— Excerpted data —
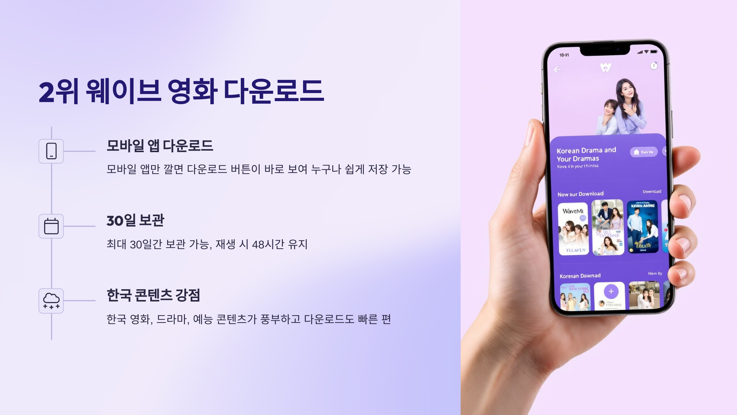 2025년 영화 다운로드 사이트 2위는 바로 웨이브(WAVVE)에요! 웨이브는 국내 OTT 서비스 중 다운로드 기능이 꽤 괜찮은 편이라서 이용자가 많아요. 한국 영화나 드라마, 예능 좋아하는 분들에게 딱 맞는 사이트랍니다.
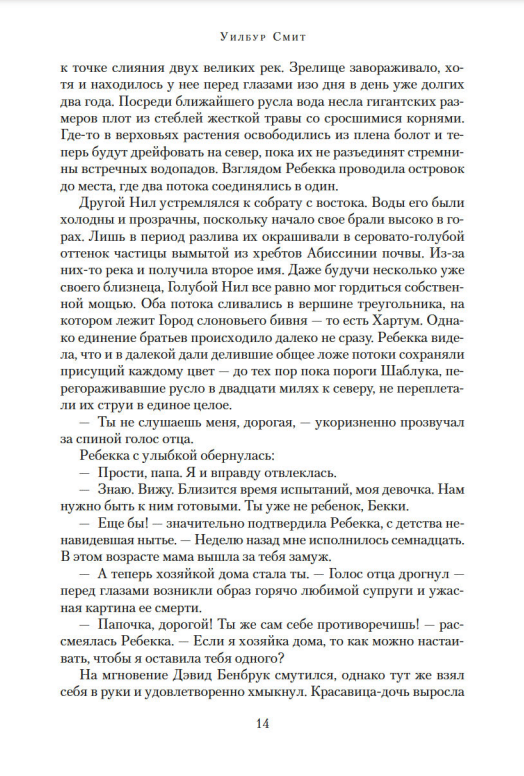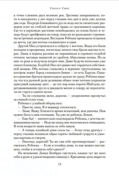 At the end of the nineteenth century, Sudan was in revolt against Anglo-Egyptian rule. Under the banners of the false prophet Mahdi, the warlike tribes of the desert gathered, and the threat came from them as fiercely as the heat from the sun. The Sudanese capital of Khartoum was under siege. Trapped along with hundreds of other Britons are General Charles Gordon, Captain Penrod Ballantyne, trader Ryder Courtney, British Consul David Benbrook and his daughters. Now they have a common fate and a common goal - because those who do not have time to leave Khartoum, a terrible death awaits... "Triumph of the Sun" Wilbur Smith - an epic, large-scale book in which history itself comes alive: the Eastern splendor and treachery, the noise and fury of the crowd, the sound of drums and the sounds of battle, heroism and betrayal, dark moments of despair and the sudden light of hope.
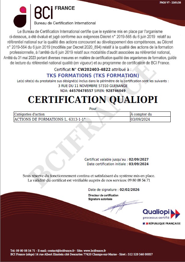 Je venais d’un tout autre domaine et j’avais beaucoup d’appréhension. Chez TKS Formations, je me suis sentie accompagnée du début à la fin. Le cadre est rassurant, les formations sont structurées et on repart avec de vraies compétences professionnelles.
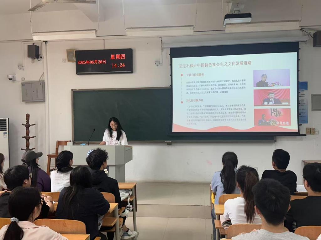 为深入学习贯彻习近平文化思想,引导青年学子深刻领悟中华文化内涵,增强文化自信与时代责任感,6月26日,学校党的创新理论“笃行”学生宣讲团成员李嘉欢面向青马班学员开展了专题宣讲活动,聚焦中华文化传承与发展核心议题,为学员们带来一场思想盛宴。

...

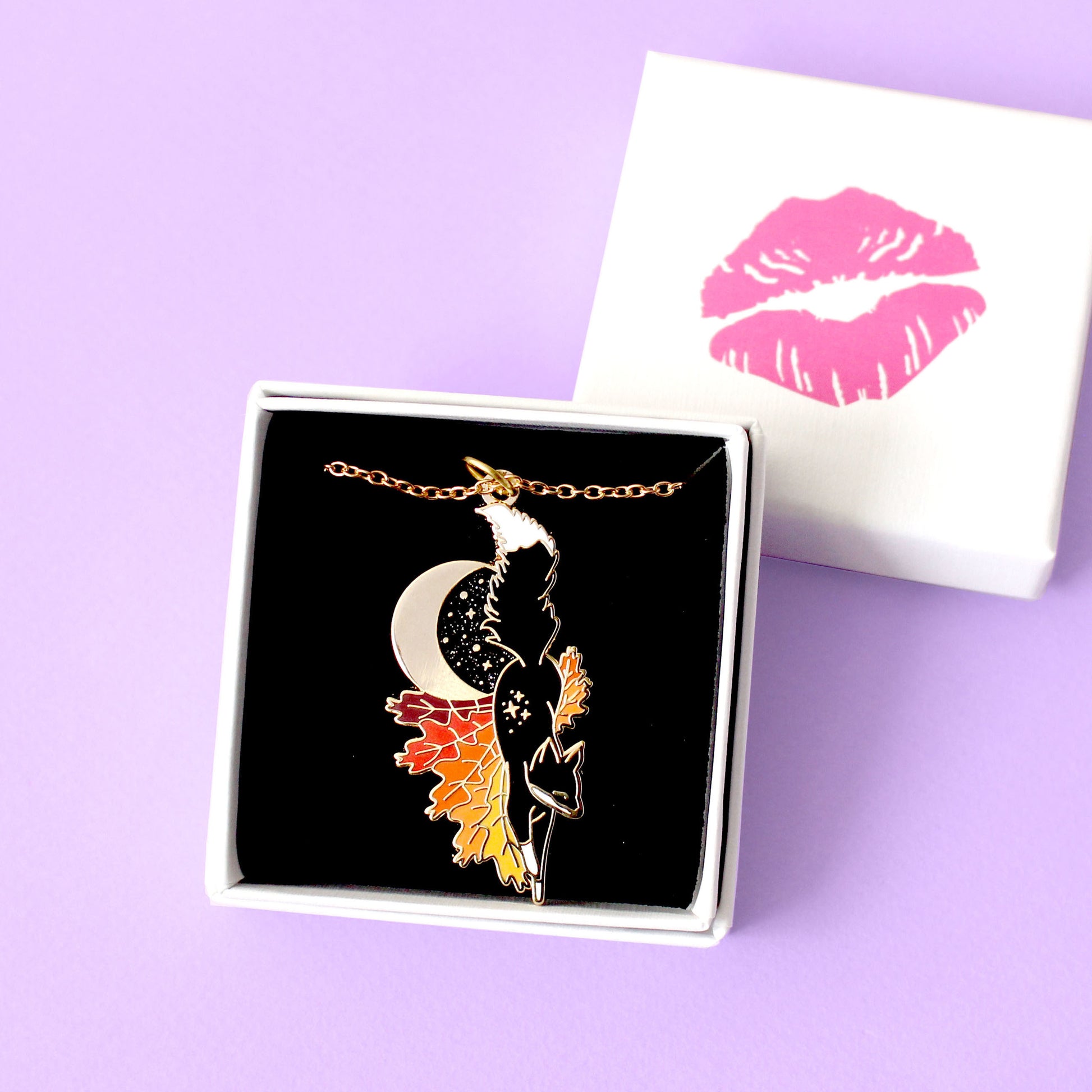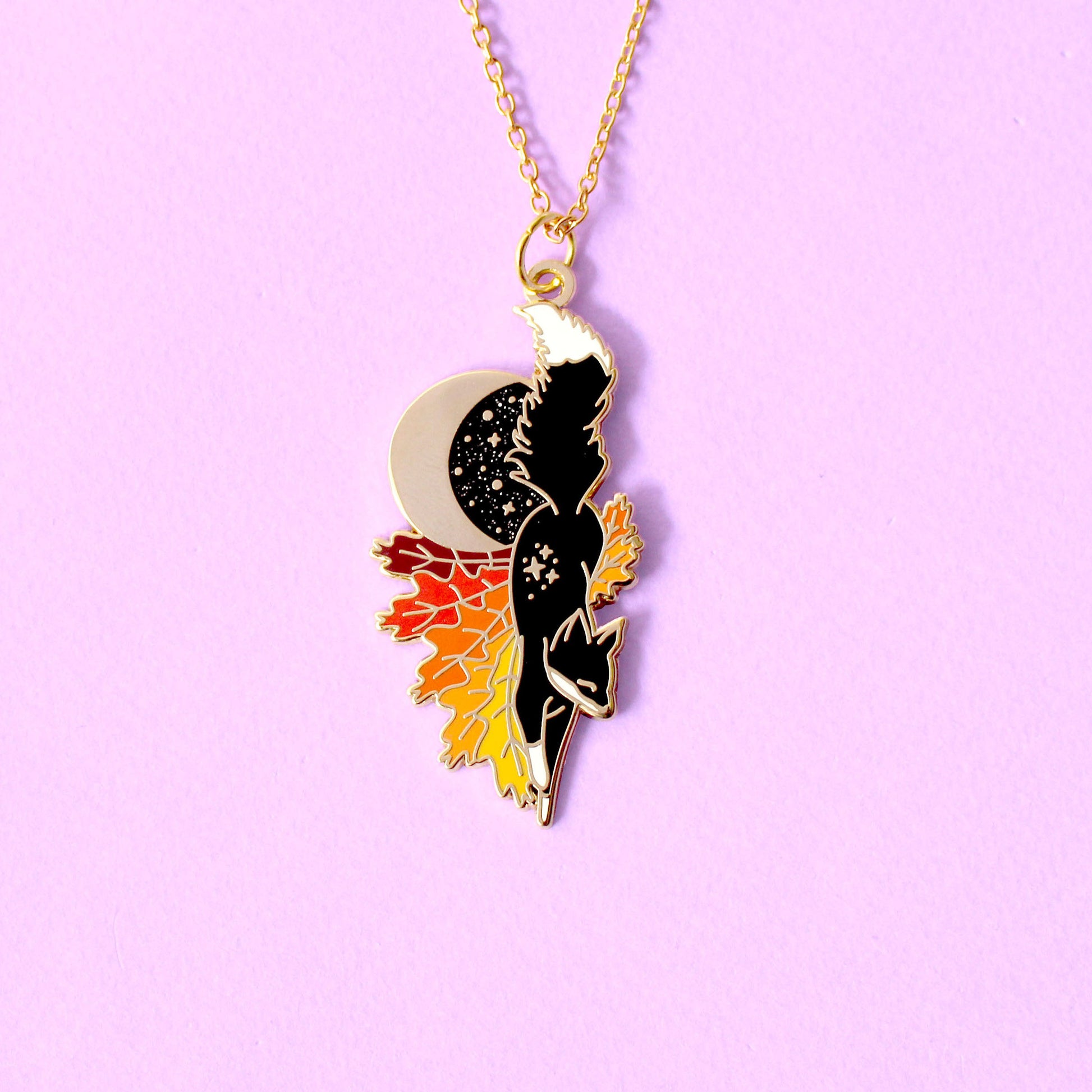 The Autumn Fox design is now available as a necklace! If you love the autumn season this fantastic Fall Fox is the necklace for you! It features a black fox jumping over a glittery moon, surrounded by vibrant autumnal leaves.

— Assignment —
Reproduce the listing above exactly from the line containing "At the end of" up to and including the line containing "为深入学习贯彻习近平文化思想", omitting any images and everything outside those lines.

— Written solution —
 At the end of the nineteenth century, Sudan was in revolt against Anglo-Egyptian rule. Under the banners of the false prophet Mahdi, the warlike tribes of the desert gathered, and the threat came from them as fiercely as the heat from the sun. The Sudanese capital of Khartoum was under siege. Trapped along with hundreds of other Britons are General Charles Gordon, Captain Penrod Ballantyne, trader Ryder Courtney, British Consul David Benbrook and his daughters. Now they have a common fate and a common goal - because those who do not have time to leave Khartoum, a terrible death awaits... "Triumph of the Sun" Wilbur Smith - an epic, large-scale book in which history itself comes alive: the Eastern splendor and treachery, the noise and fury of the crowd, the sound of drums and the sounds of battle, heroism and betrayal, dark moments of despair and the sudden light of hope.
 Je venais d’un tout autre domaine et j’avais beaucoup d’appréhension. Chez TKS Formations, je me suis sentie accompagnée du début à la fin. Le cadre est rassurant, les formations sont structurées et on repart avec de vraies compétences professionnelles.
 为深入学习贯彻习近平文化思想,引导青年学子深刻领悟中华文化内涵,增强文化自信与时代责任感,6月26日,学校党的创新理论“笃行”学生宣讲团成员李嘉欢面向青马班学员开展了专题宣讲活动,聚焦中华文化传承与发展核心议题,为学员们带来一场思想盛宴。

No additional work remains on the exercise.